Please write out all the data that follows exactly, without the pictures.

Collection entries
'''
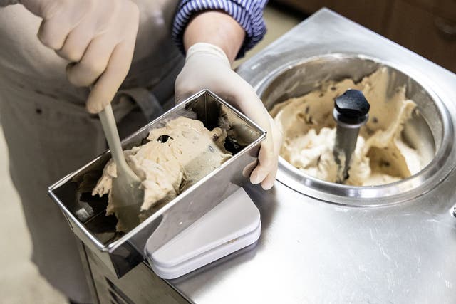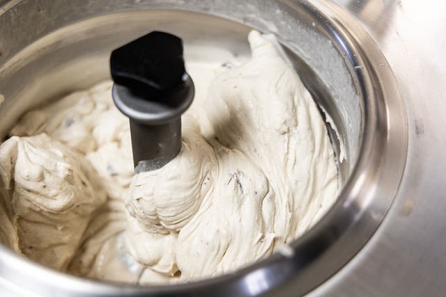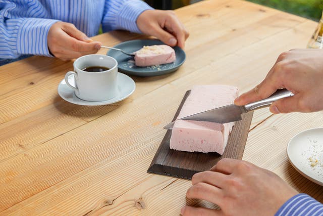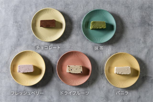 練り混ぜた生地をケーキ型に詰めて冷やし固めて作っています。食べる時はカップ型のジェラートのように、すくいやすいように溶かす必要がないので、劣化もしづらいです。
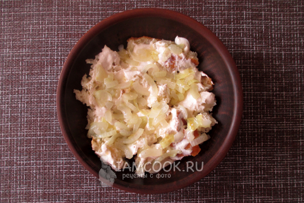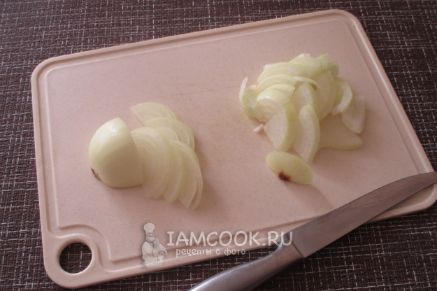 Половину лука тонко нашинкуйте, а вторую половину нарежьте покрупнее и потомите на сливочном масле до прозрачности, слегка посолите.
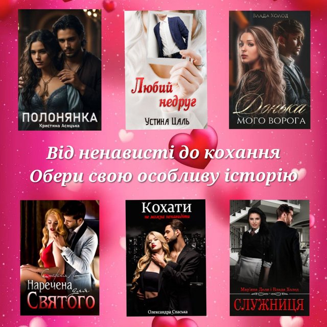 Кажуть: «Від ненависті до кохання - один крок». Представляю Вам добірку книг, де в проміжку між цими емоційними почуттями розкривається захоплюючий сюжет, який спонукає свого читача відчути додатковий спектр емоцій та особливий смак: десь - з гірчинкою, десь - з солонинкою, а десь - настільки солодких та пристрасних, що не можливо відірватися від читання.
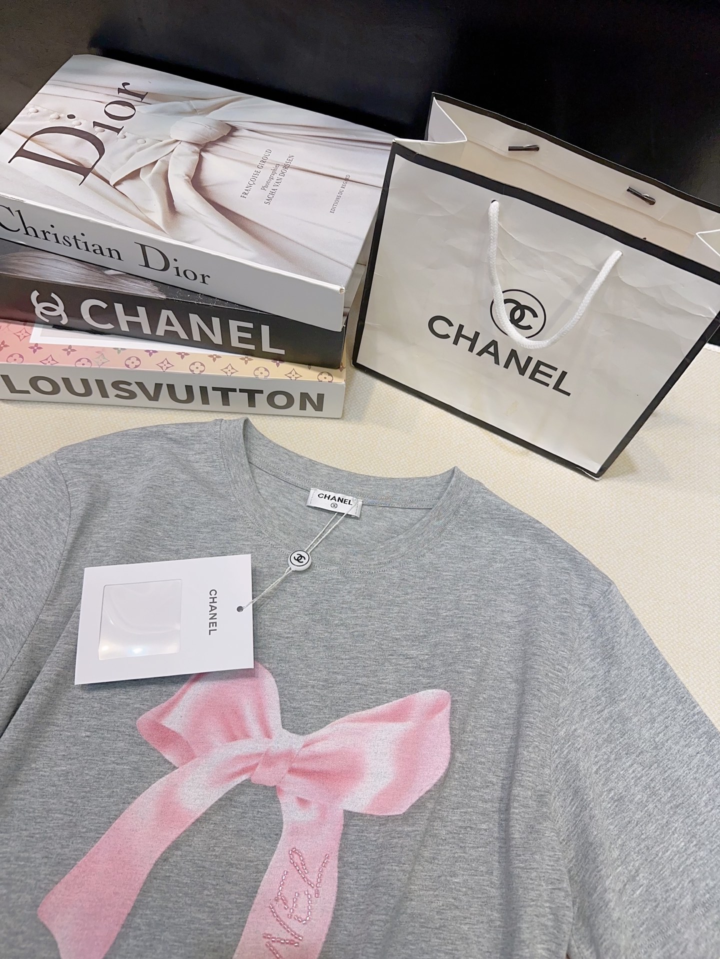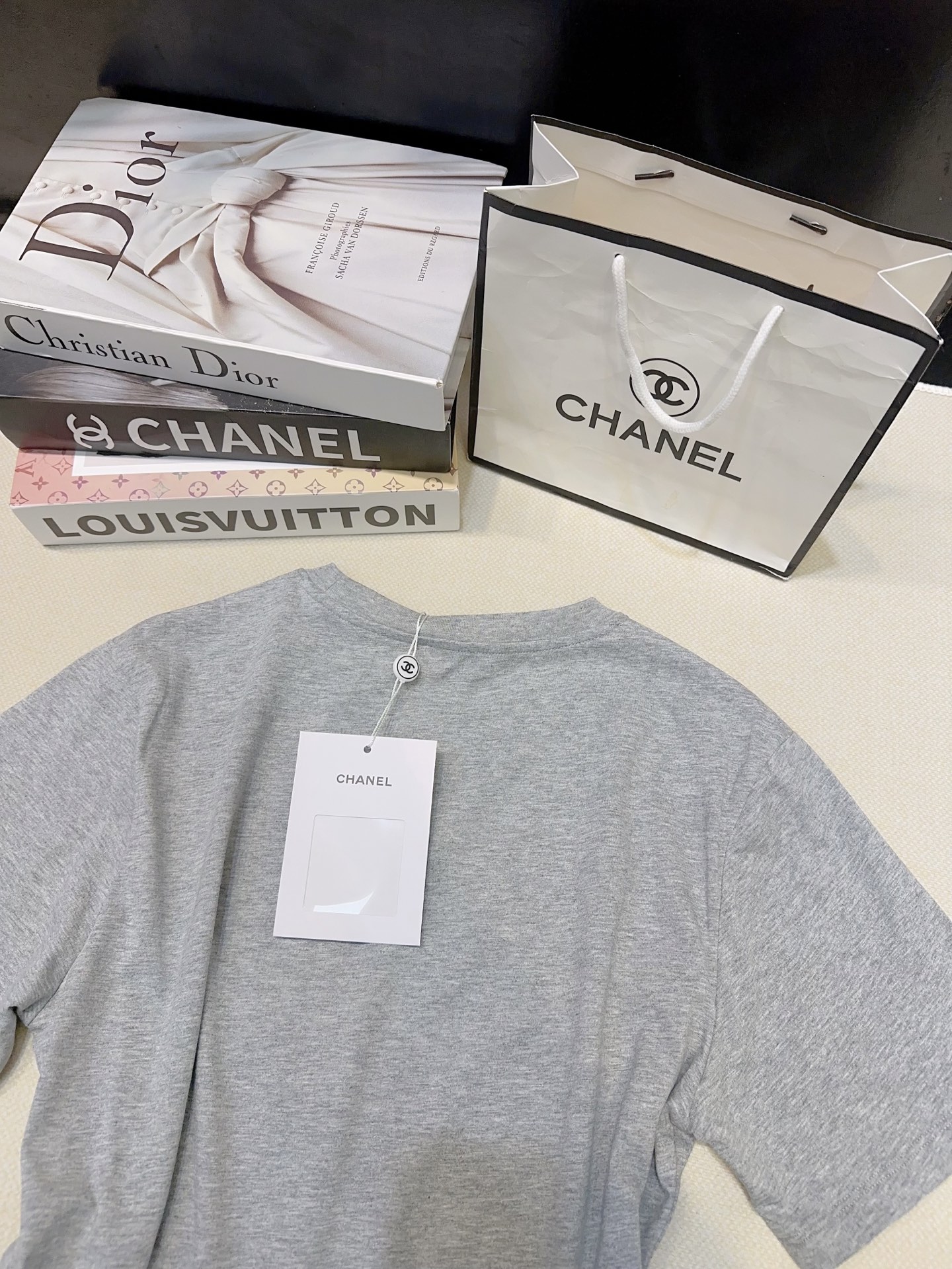 这款衣服是AAAAA 1:1 质量 (非常棒). 使用了和原版一模一样的材料. 商标部分也保持了和香奈儿/Chanel一样. 图片拍摄是实物衣服拍摄, 您所收到的实物保证和我们图片一模一样.
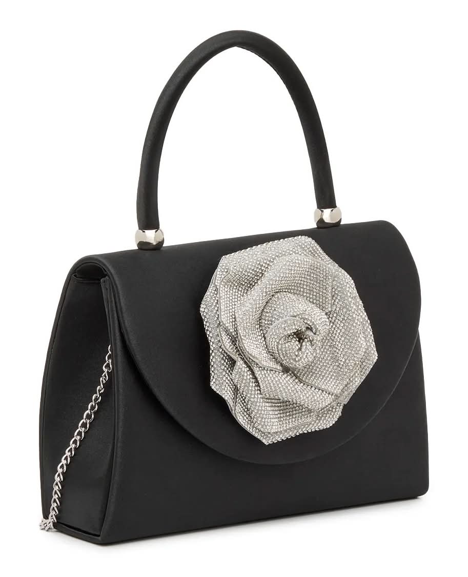 Kelly & Katie 3D Flower Satin Satchel (Black One Size)
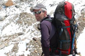 Глубокой ночью, связавшись веревкой, дергая друг друга, мы в снегоступах бежали под всеми этими ледопадами и «живыми» склонами. По старым смерзшимся лавинным выносам. И так же спешно начали набирать высоту к бергшрунду
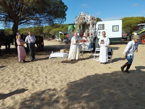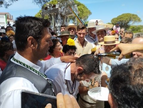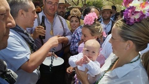 [Img #169675]Hoy en concreto además, se ha llevado a cabo tras el rezo del Ángelus, el tradicional bautizo de rocieros que por primera vez hacen el camino y han sido bautizados por el párroco del Carmen, director espiritual de la Hermandad del Rocío, Roberto Romero, acompañado por el hermano mayor, Rafael Caraballo, y los padrinos del bautizado. Son momentos especiales que solo quien es rociero sabe de su trascendencia interior.
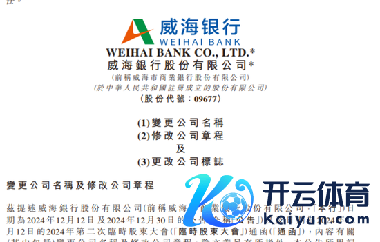 4000亿范围级别的港股上市银行威海银行选择更名,承接将公司称号、公功令规以及公司的标识进行修改更换。
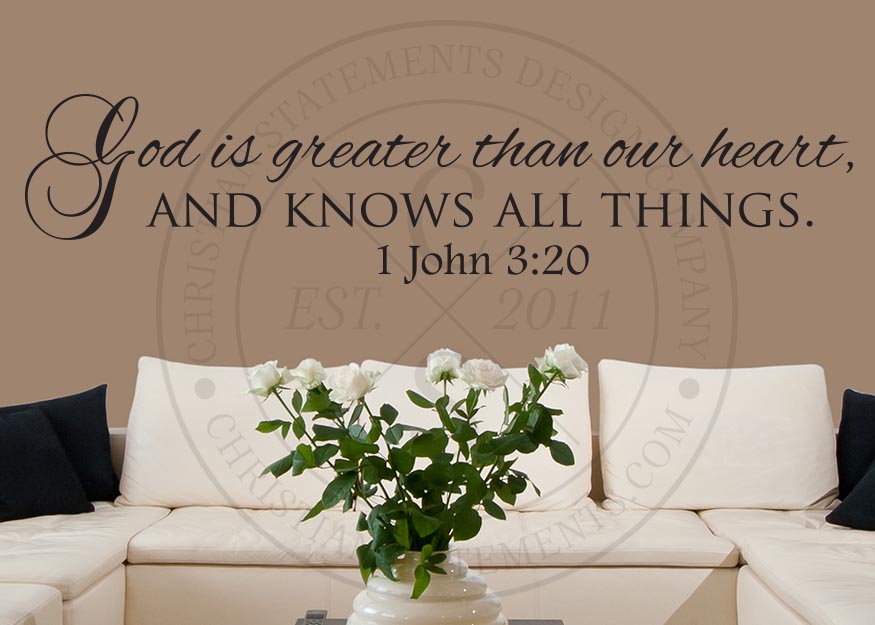 God Is Greater Than Our Heart Vinyl Wall Statement - 1 John 3:20 #1God Is Greater Than Our Heart Vinyl Wall Statement - 1 John 3:20 #2
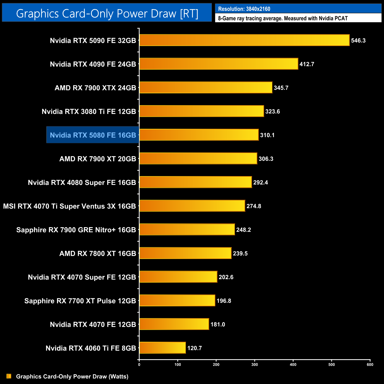 Here we present power draw figures for the graphics card-only, on a per-game basis for all twelve games we tested at 2160p (4K). This is measured using Nvidia's Power Capture Analysis Tool, also known as PCAT. You can read more about our updated power draw testing methodology HERE.
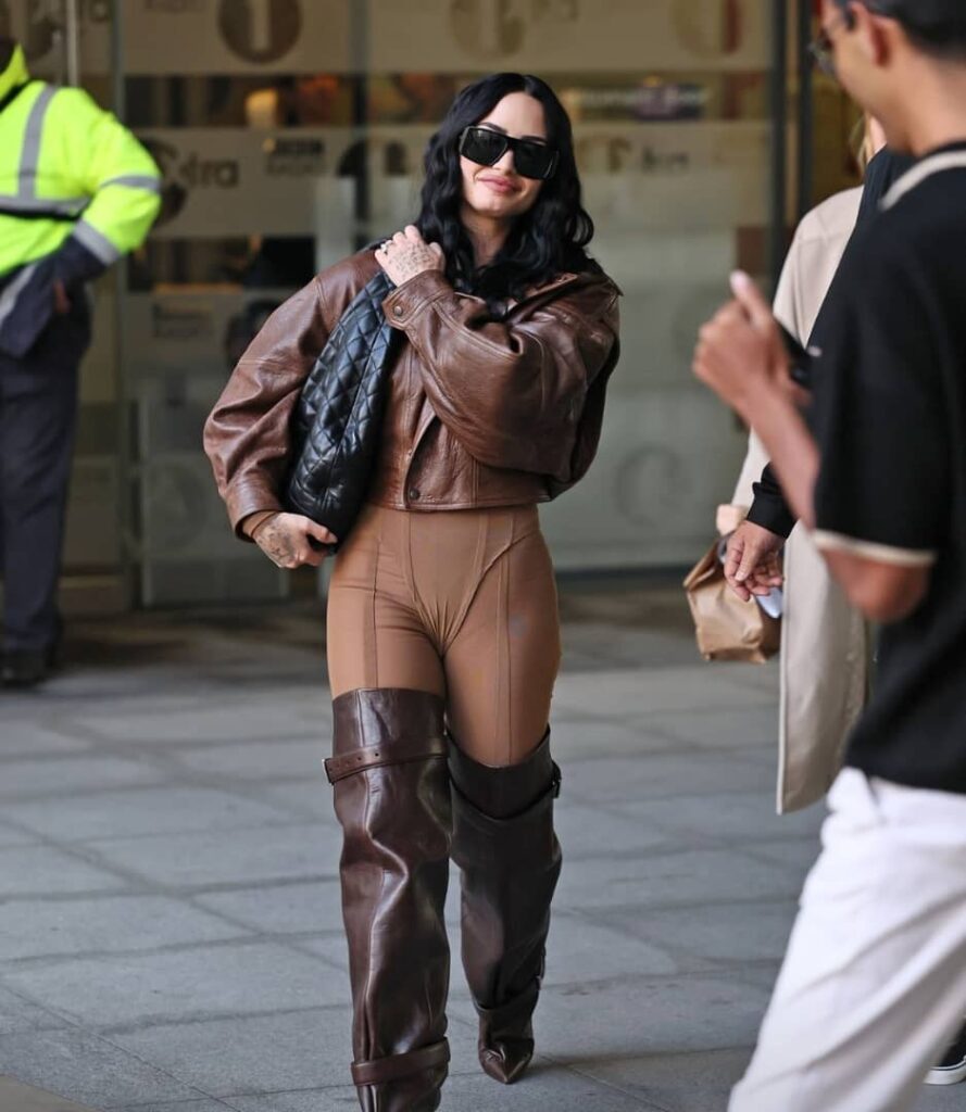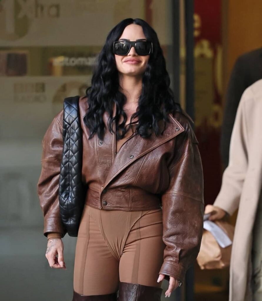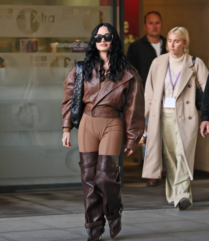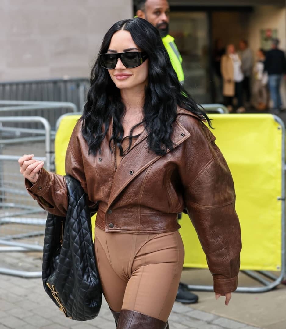 London got the sharp end of Demi Lovato’s new style phase this week: structured, tonal, and unapologetically exact. Stepping out ahead of her BBC Live Lounge stop, she pulled together one of her most considered off-duty looks in months. A nude-tone bodysuit paired with panelled tights was topped with a cropped brown leather jacket that broke up the monotone base and added structure where it mattered.
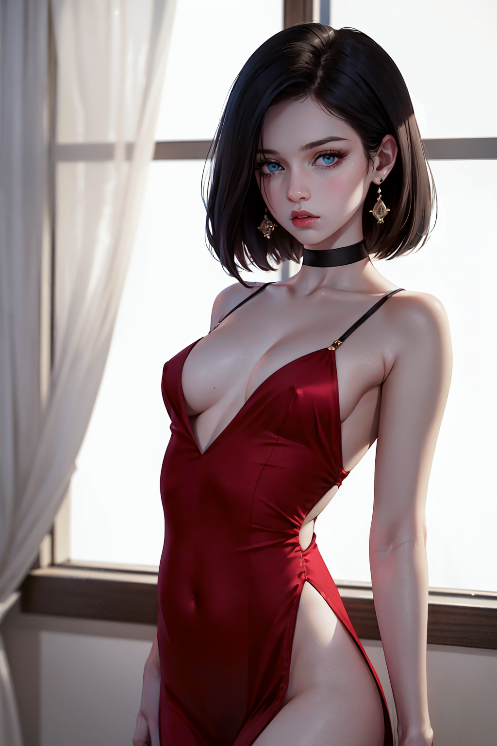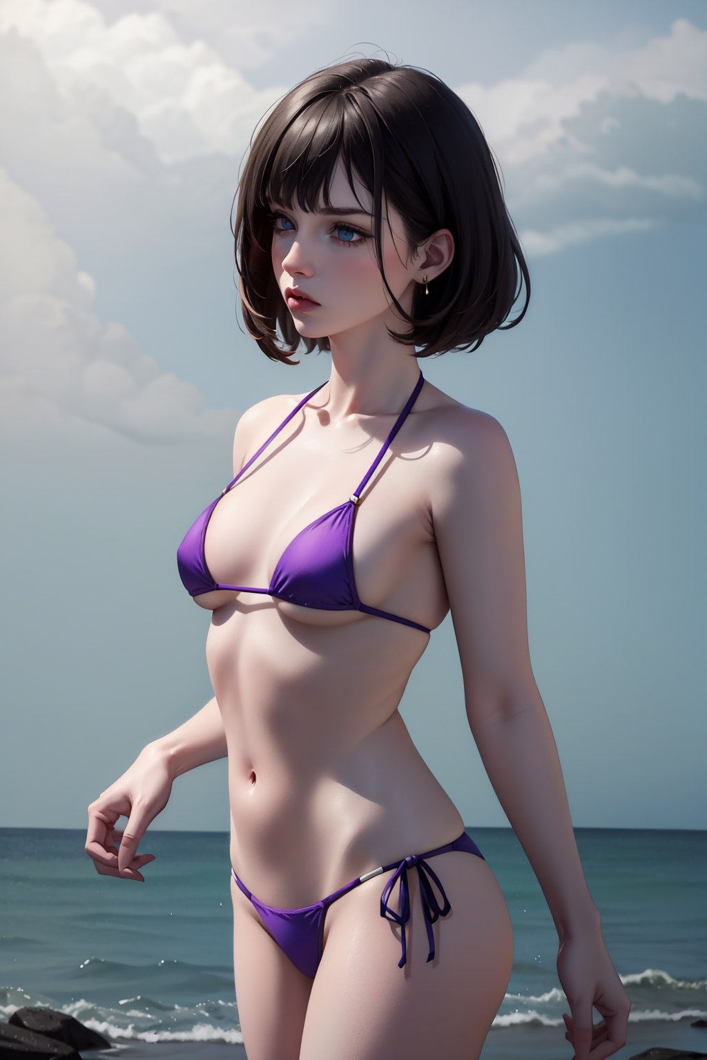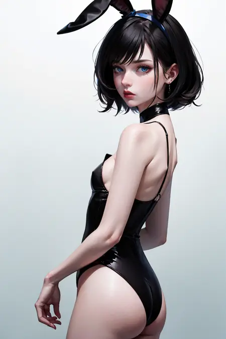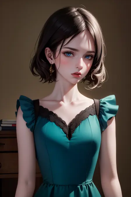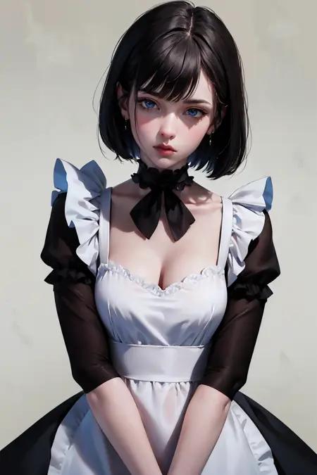 Use tags: 1girl, solo, kellybody, black hair, blue eyes, short hair, jewelry, necklace
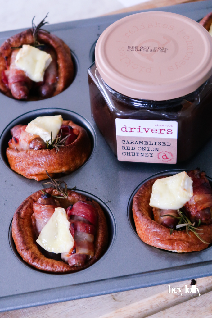 - Spoon a little caramelised onion into each Yorkshire with a slice of brie. Nestle in a pig in blanket. Top with more Brie. Return to the oven 3–4 minutes until the Brie just softens. Finish and Serve
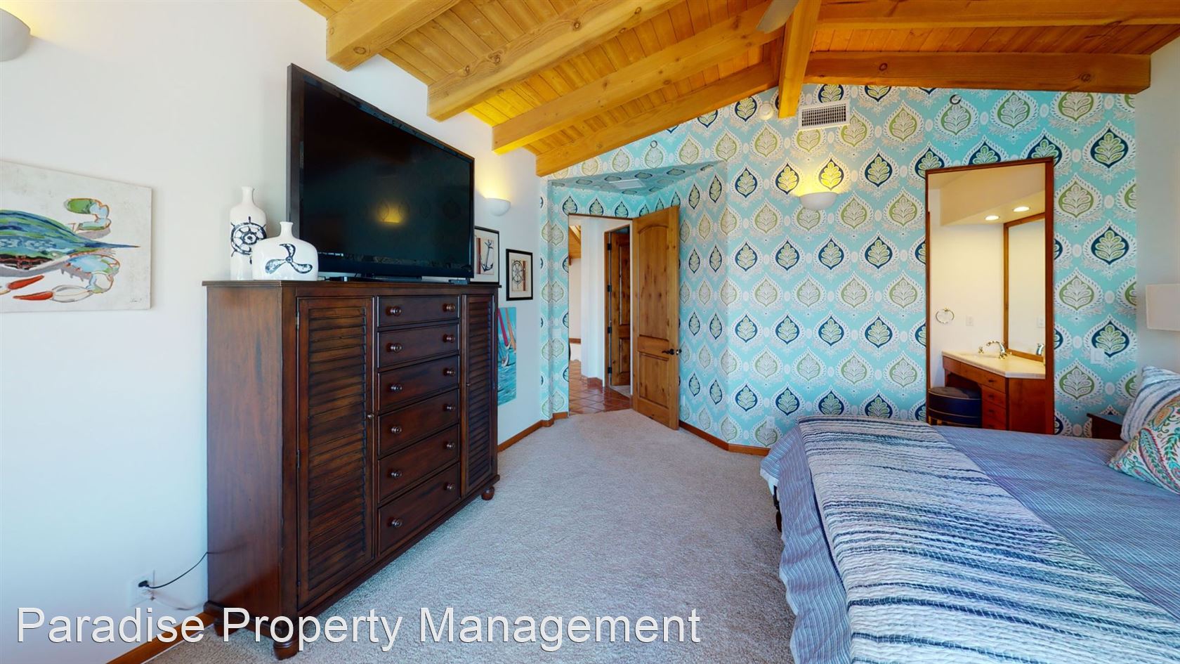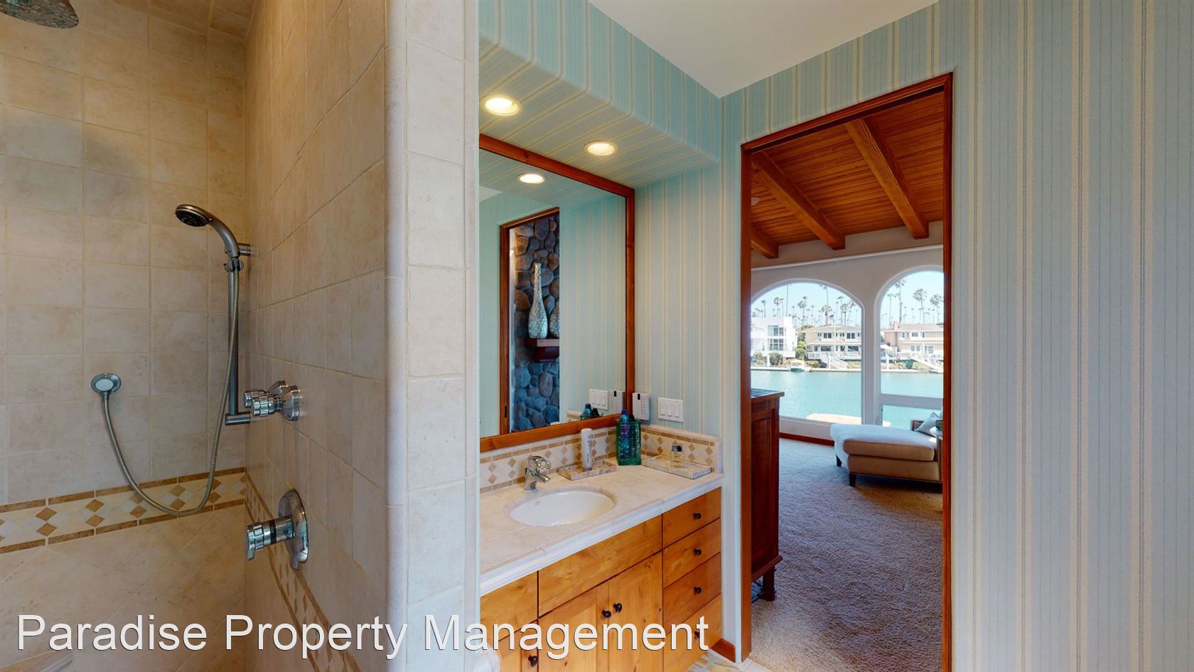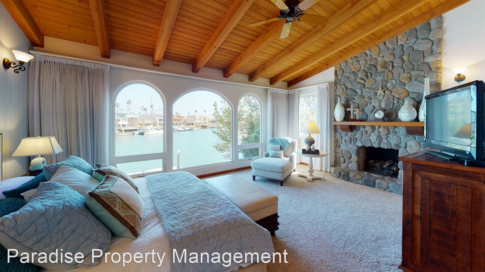 The first master suite has wood beam vaulted ceilings, custom wall sconces, a large walk in closet and en-suite bathroom with dual vanities, and the second master suite features a stone gas fireplace, amazing water views, vaulted wood beam ceilings, en-suite bathroom, and walk-in closet.
'''
» **Answer to the exercise**:
 練り混ぜた生地をケーキ型に詰めて冷やし固めて作っています。食べる時はカップ型のジェラートのように、すくいやすいように溶かす必要がないので、劣化もしづらいです。
 Половину лука тонко нашинкуйте, а вторую половину нарежьте покрупнее и потомите на сливочном масле до прозрачности, слегка посолите.
 Кажуть: «Від ненависті до кохання - один крок». Представляю Вам добірку книг, де в проміжку між цими емоційними почуттями розкривається захоплюючий сюжет, який спонукає свого читача відчути додатковий спектр емоцій та особливий смак: десь - з гірчинкою, десь - з солонинкою, а десь - настільки солодких та пристрасних, що не можливо відірватися від читання.
 这款衣服是AAAAA 1:1 质量 (非常棒). 使用了和原版一模一样的材料. 商标部分也保持了和香奈儿/Chanel一样. 图片拍摄是实物衣服拍摄, 您所收到的实物保证和我们图片一模一样.
 Kelly & Katie 3D Flower Satin Satchel (Black One Size)
 Глубокой ночью, связавшись веревкой, дергая друг друга, мы в снегоступах бежали под всеми этими ледопадами и «живыми» склонами. По старым смерзшимся лавинным выносам. И так же спешно начали набирать высоту к бергшрунду
 [Img #169675]Hoy en concreto además, se ha llevado a cabo tras el rezo del Ángelus, el tradicional bautizo de rocieros que por primera vez hacen el camino y han sido bautizados por el párroco del Carmen, director espiritual de la Hermandad del Rocío, Roberto Romero, acompañado por el hermano mayor, Rafael Caraballo, y los padrinos del bautizado. Son momentos especiales que solo quien es rociero sabe de su trascendencia interior.
 4000亿范围级别的港股上市银行威海银行选择更名,承接将公司称号、公功令规以及公司的标识进行修改更换。
 God Is Greater Than Our Heart Vinyl Wall Statement - 1 John 3:20 #1God Is Greater Than Our Heart Vinyl Wall Statement - 1 John 3:20 #2
 Here we present power draw figures for the graphics card-only, on a per-game basis for all twelve games we tested at 2160p (4K). This is measured using Nvidia's Power Capture Analysis Tool, also known as PCAT. You can read more about our updated power draw testing methodology HERE.
 London got the sharp end of Demi Lovato’s new style phase this week: structured, tonal, and unapologetically exact. Stepping out ahead of her BBC Live Lounge stop, she pulled together one of her most considered off-duty looks in months. A nude-tone bodysuit paired with panelled tights was topped with a cropped brown leather jacket that broke up the monotone base and added structure where it mattered.
 Use tags: 1girl, solo, kellybody, black hair, blue eyes, short hair, jewelry, necklace
 - Spoon a little caramelised onion into each Yorkshire with a slice of brie. Nestle in a pig in blanket. Top with more Brie. Return to the oven 3–4 minutes until the Brie just softens. Finish and Serve
 The first master suite has wood beam vaulted ceilings, custom wall sconces, a large walk in closet and en-suite bathroom with dual vanities, and the second master suite features a stone gas fireplace, amazing water views, vaulted wood beam ceilings, en-suite bathroom, and walk-in closet.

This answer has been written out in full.